SIPP stands for Self-Invested Personal Pension. It is a type of personal pension registered with HMRC that lets you choose and manage your own investments. Unlike a workplace pension where your employer's provider picks the funds, a SIPP gives you access to a much wider range of investment options.

A SIPP works as a tax-efficient wrapper around your investments. The money you contribute receives tax relief from the government, and your investments grow free from income tax and capital gains tax while inside the pension.
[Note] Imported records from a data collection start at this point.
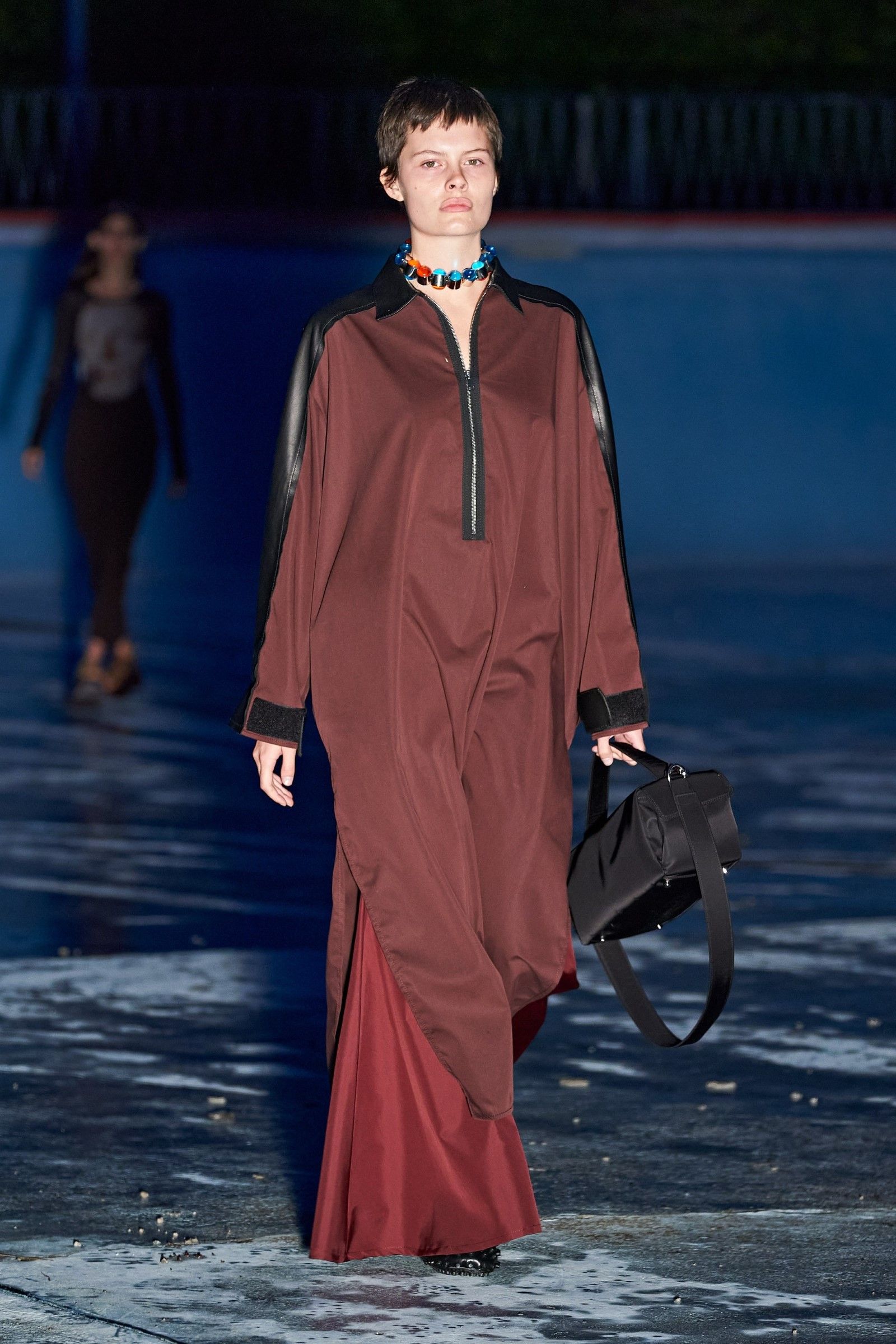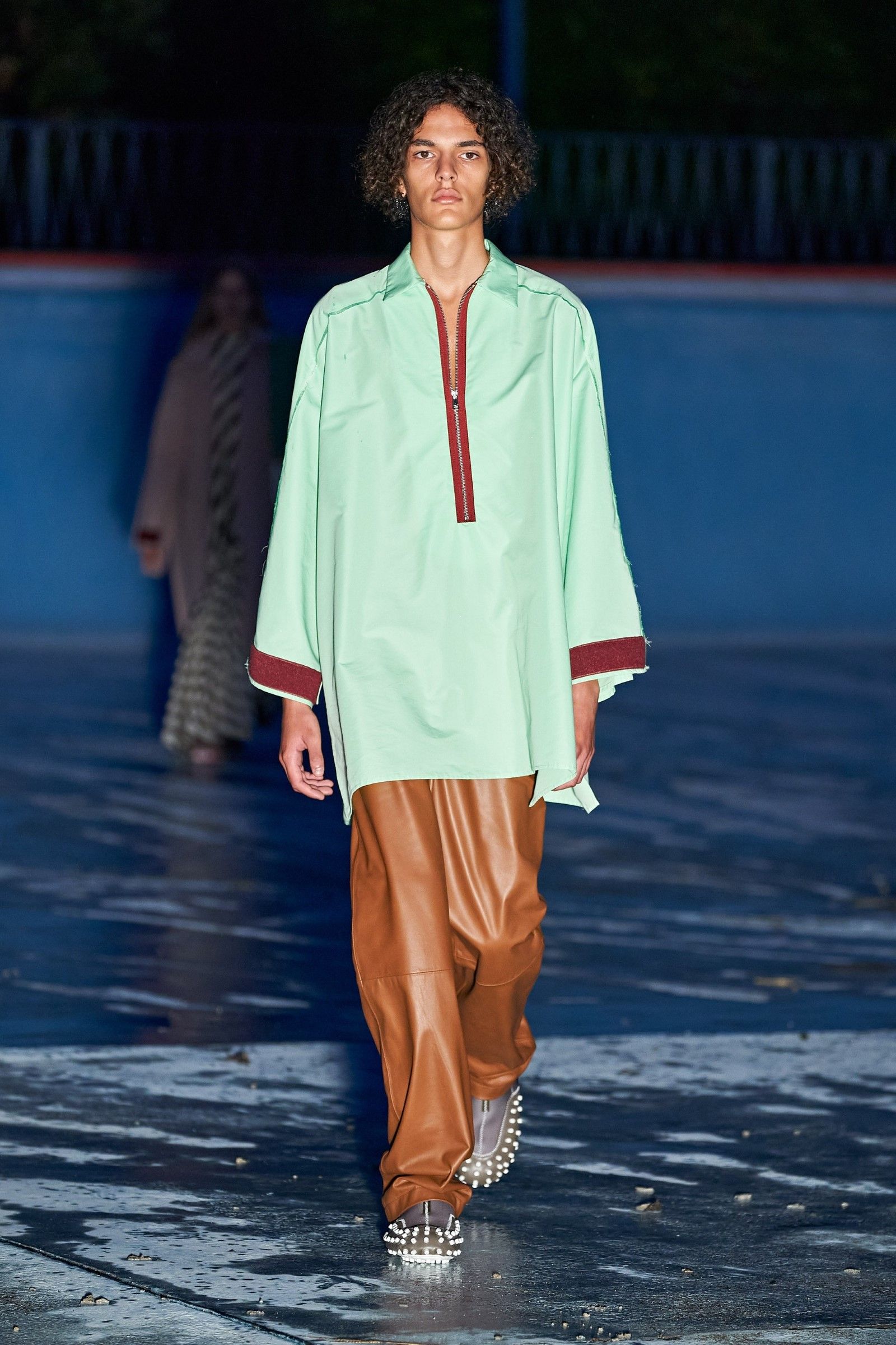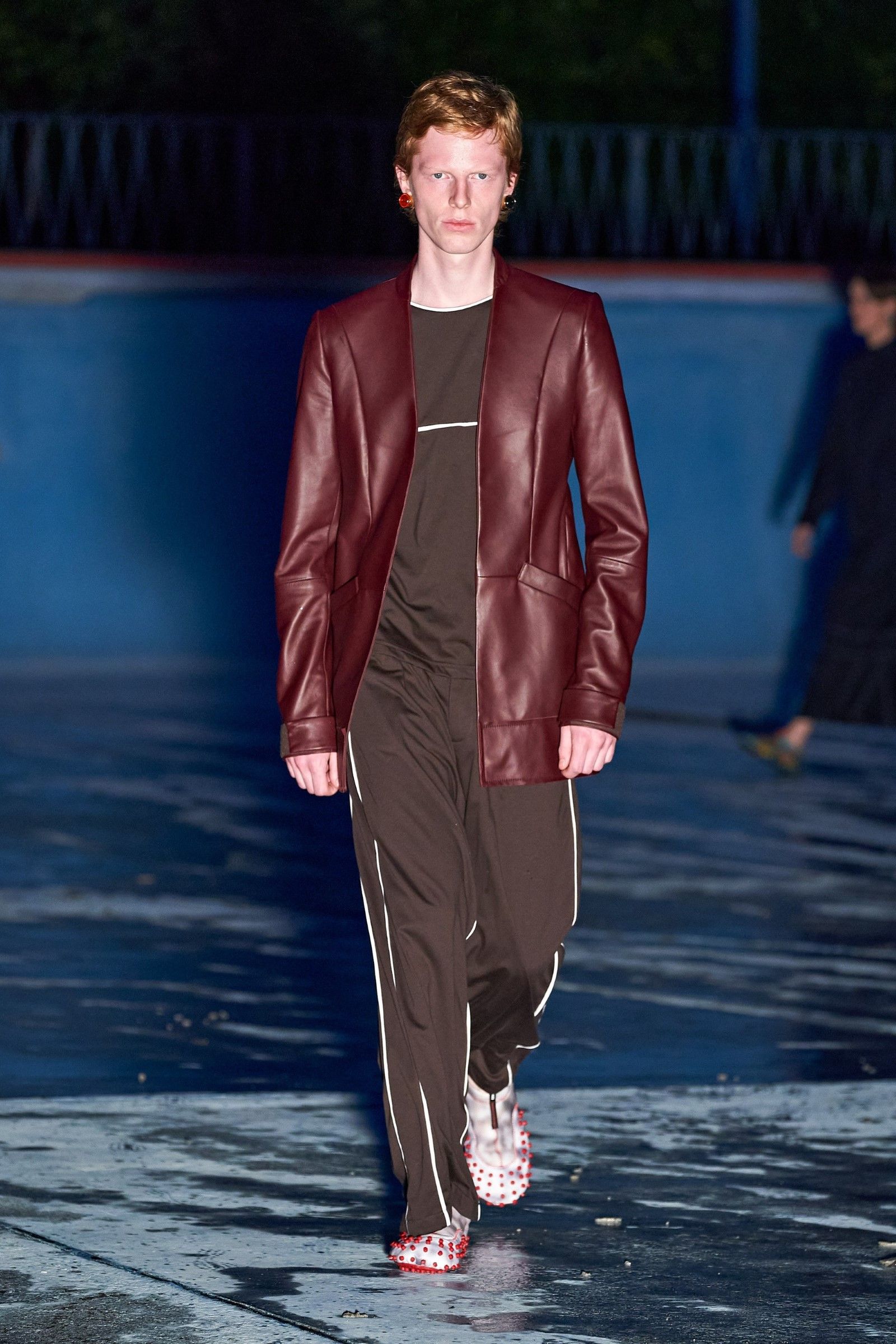 Se il womanswear della collezione, infine, appare il più strutturato e architettonico, con layering e accessori, oltre che con abiti in color blocking e cuciture che tagliano le sagome nella parte inferiore, il menswear appare invece semplificato. C’è quasi un senso di orientalismo nei top per uomo, che diventano quasi caftani e tuniche in certi casi, e nelle giacche prive di baveri, le cui linee si curvano secondo un’estetica vagamente asiatica. Non mancano ovviamente le ispirazioni sportswear rese più sofisticate dalla ricchezza dei materiali, e una serie di capispalla in pelle bordeaux che sono forse tra le proposte più interessanti della collezione.
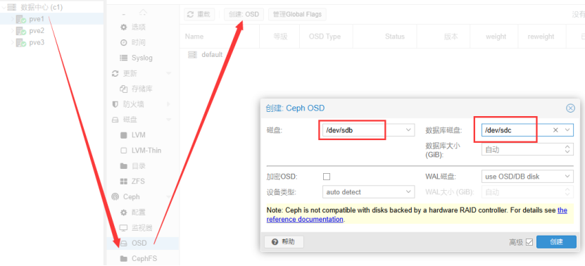 节点1,进入Ceph-》OSD,创建OSD磁盘。磁盘选择第二块硬盘sdb,第三块磁盘sdc作为数据库磁盘,主要用于缓存。
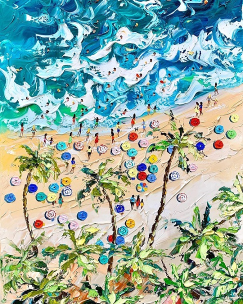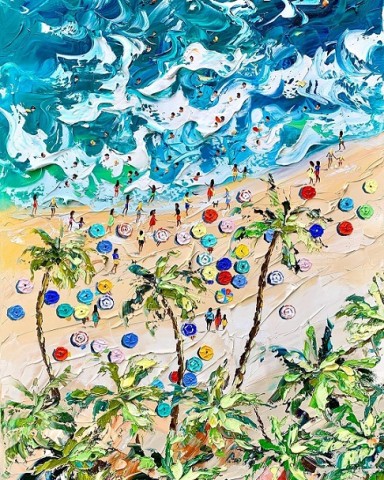 さんが夏のビーチを描いた油彩画です。ペインティングナイフを使った厚塗りで波や砂浜を表現し、カラフルな衣装の人やパラソルで彩られた夏の浜辺を描いています。
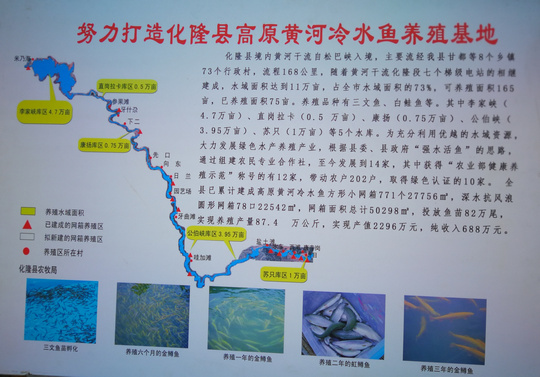 “一人富,富一家;全村富,富一片。”化隆县以“农民增收、农业增效”为工作目标,充分利用水域资源优势,通过项目带动、政策扶持和兴办水产养殖合作组织,大力发展水产养殖业。目前,依托项目建设,先后建成了甘都镇水车村,群科镇向东村、团结一村,德恒隆乡哇加滩村、牙什尕镇牙什尕村等标准化健康养殖示范场。继“拉面经济”之后,河湟两岸的百姓依靠冷水鱼养殖奔向了小康生活,冷水鱼养殖成为农民致富的“潜力股”。

When you eventually withdraw, you can take 25% tax-free, with the rest taxed as income (Source: HMRC, 2025/26).

SIPPs were first introduced in the UK in 1990 and have grown significantly in popularity since pension freedoms were introduced in April 2015, which gave savers much greater flexibility in how they access their pension pots (Source: GOV.UK, Pension Freedoms, 2015).

SIPP vs Workplace Pension

A workplace pension is set up by your employer. Your employer must enrol you automatically and contribute at least 3% of your qualifying earnings. Investment options are typically limited to a small number of funds chosen by the pension provider.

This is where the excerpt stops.